Lisa smiled at the people around them, but at the same moment thought,
Nah, love sucks.
She laughed at herself.
Yeah, right. That’s why you can’t wait to get your hands on Marlee.
She stood up with a sigh. “C’mon, Sweetpea. Let’s go shake hands with Reverend Owens.”

“Weesa?” Bridget reached for Lisa’s outstretched hand.

“Yes?”

“Don’t get your heart tord up.”

Lisa cringed. She had to watch what she said around her all-ears littlest sister. “Okay, I won’t. I promise.”
Tara took care of that yesterday.

 

 

LISA SLID OPEN the side door to the Brown family minivan and walked to the rear. She pulled out her softball bag.

“Bye, you guys,” she called from the back. Her sister Lynnie didn’t look up from her book, but her brother Lawrence Jr. turned around, waved his transformer action figure at her, and said “Bye.”

Her father looked her way and said, “Have fun, Lisa Bear.”
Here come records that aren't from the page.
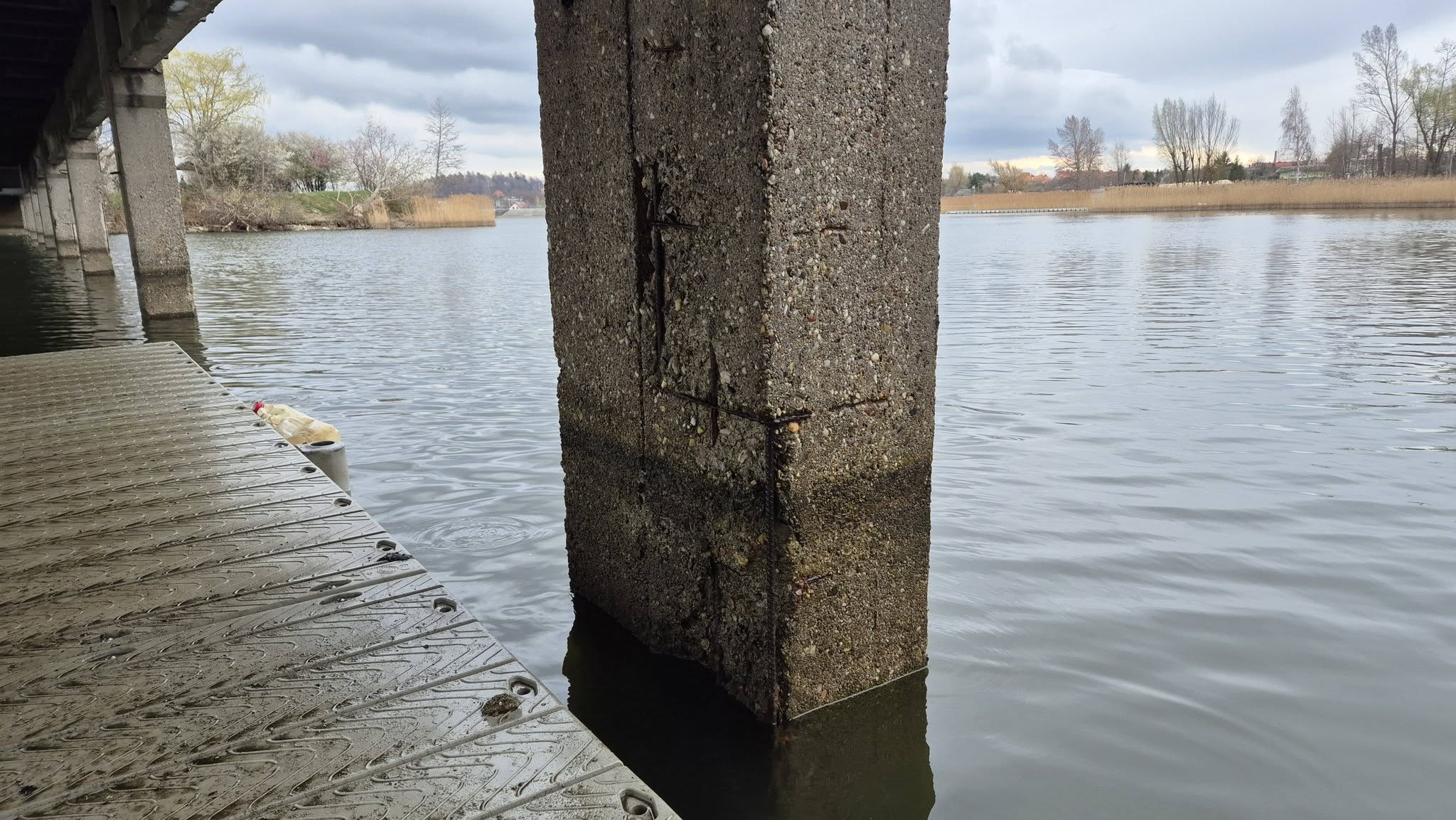 W trakcie przygotowań do kompleksowej modernizacji pomostu, za pomocą podwodnego drona, wykonana została inwentaryzacja elementów betonowych filarów pomostu, znajdujących się poniżej lustra wody. Wyniknęło z niej, że konstrukcja jest stabilna, jednak wymaga specjalistycznej interwencji technicznej na wysokości lustra wody, która zabezpieczyłaby filary pomostu przed dalszą erozją. Jest ona szczególnie dotkliwa w okresie zimowym, kiedy to temperatura wody akwenu bardzo często przechodzi przez 0 st. C, powodując pogłębiania się uszkodzeń w porowatej i zniszczonej powierzchni podpór pomostu.
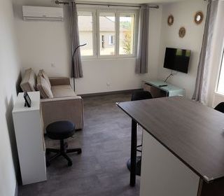 dans le très joli village de aujols, près de st cirq lapopie, plus beau village de france, ce gîte de 40M2, vous permettra de vous reposer au calme et de visiter le lot, l'aveyron,
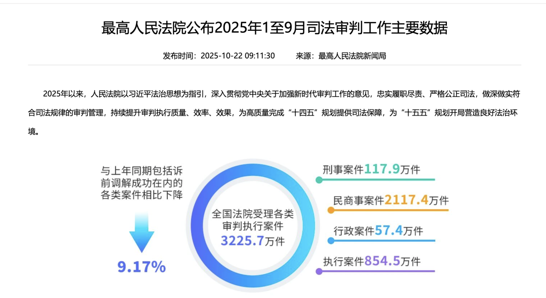 🔺截至今年9月,全国法院受理审判案件已达3225.7万件
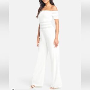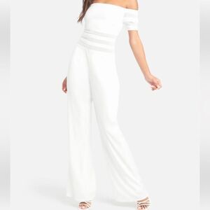 Bebe OFF SHOULDER MESH PANEL JUMPSUIT Sz M
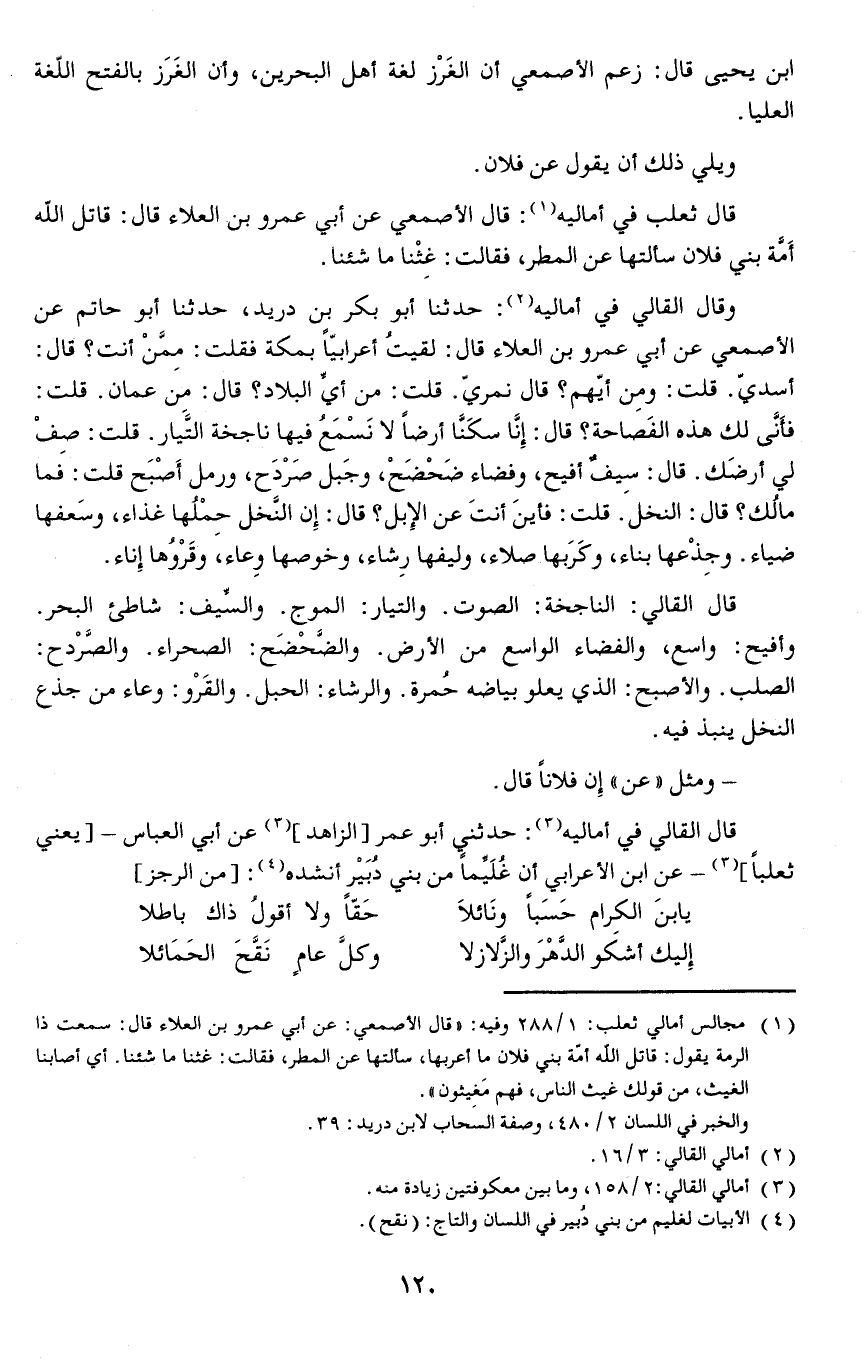 وقال القالي في أماليه: حدثنا أبو بكر بن دريد حدثنا أبو حاتم عن الأصمعي عن أبي عمرو بن العلاء قال: لقيتُ أعرابيا بمكة فقلت: مِمَّنْ أنت قال: أسدي.
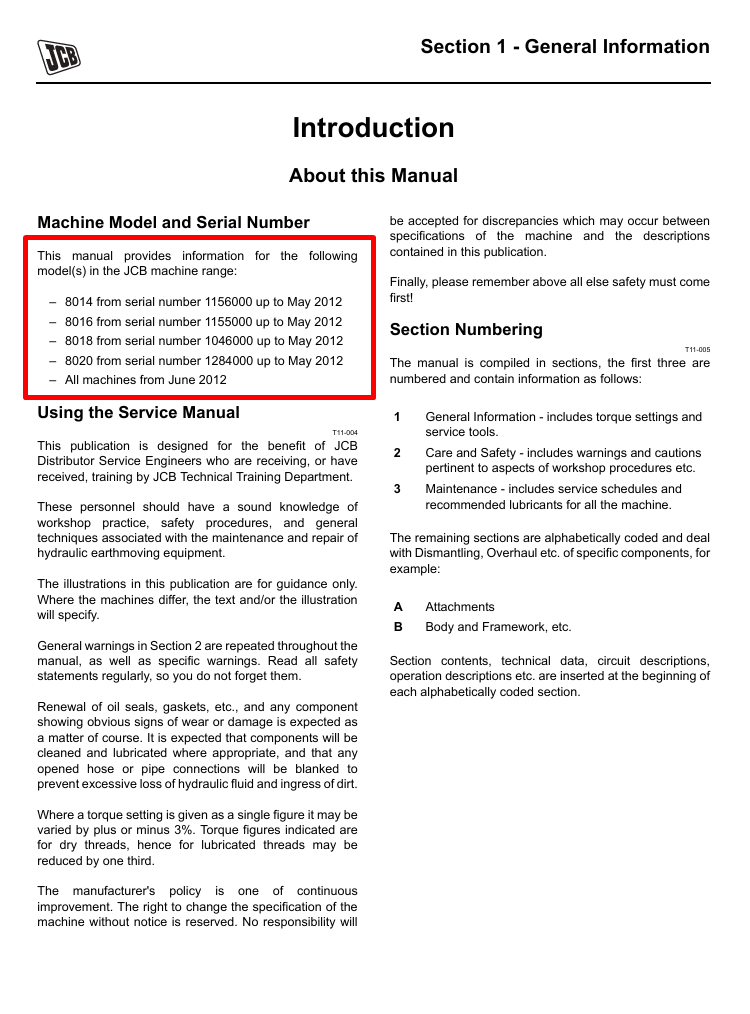 Compatible Serial Number Range JCB 8014 from serial number 1156000 up to May 2012
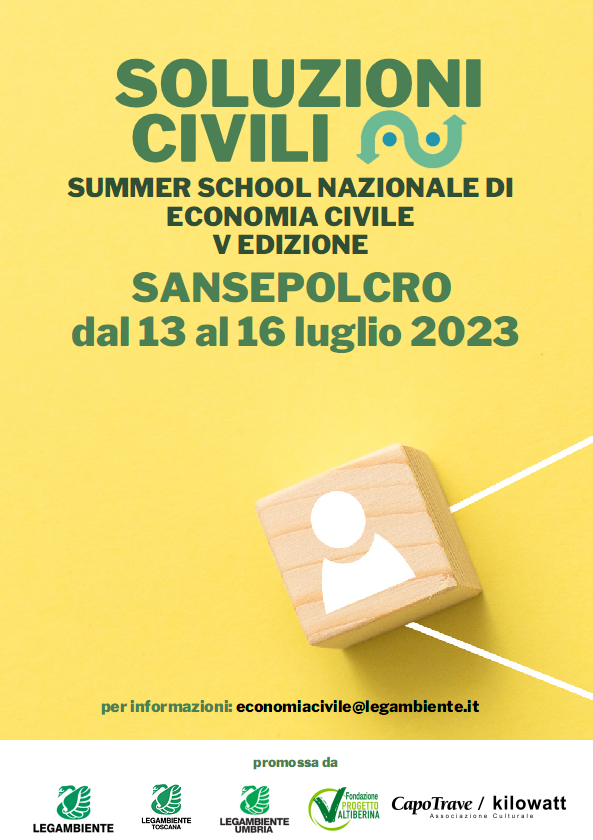 Dal 13 al 16 luglio Sansepolcro ospiterà la V edizione della Summer School nazionale di Economia Civile, appuntamento dedicato al tema dell’economia civile e della transizione ecologica promossa da Legambiente in collaborazione con i distretti di Umbria e ToscanaFondazione Progetto Valtiberina e Capotrave/Kilowatt.

“Papa! C’mon, I’m sixteen.”

Her father laughed. “What? I can’t call my first-born by her pet name anymore?”

Lisa rolled her eyes for his benefit and said, “Geez, okay. If you have to.”

“Call when you want us to pick you up. I’d love to stay and play catch with you and Marlee, but Mama’s got me under the knife this afternoon.”

“Oh, Larry.” Lisa’s mother smacked her husband on the knee.

“What? You do.” Her father’s thinning brown hair was a bit disheveled, and Lisa knew her mother was going to give him a haircut later that day.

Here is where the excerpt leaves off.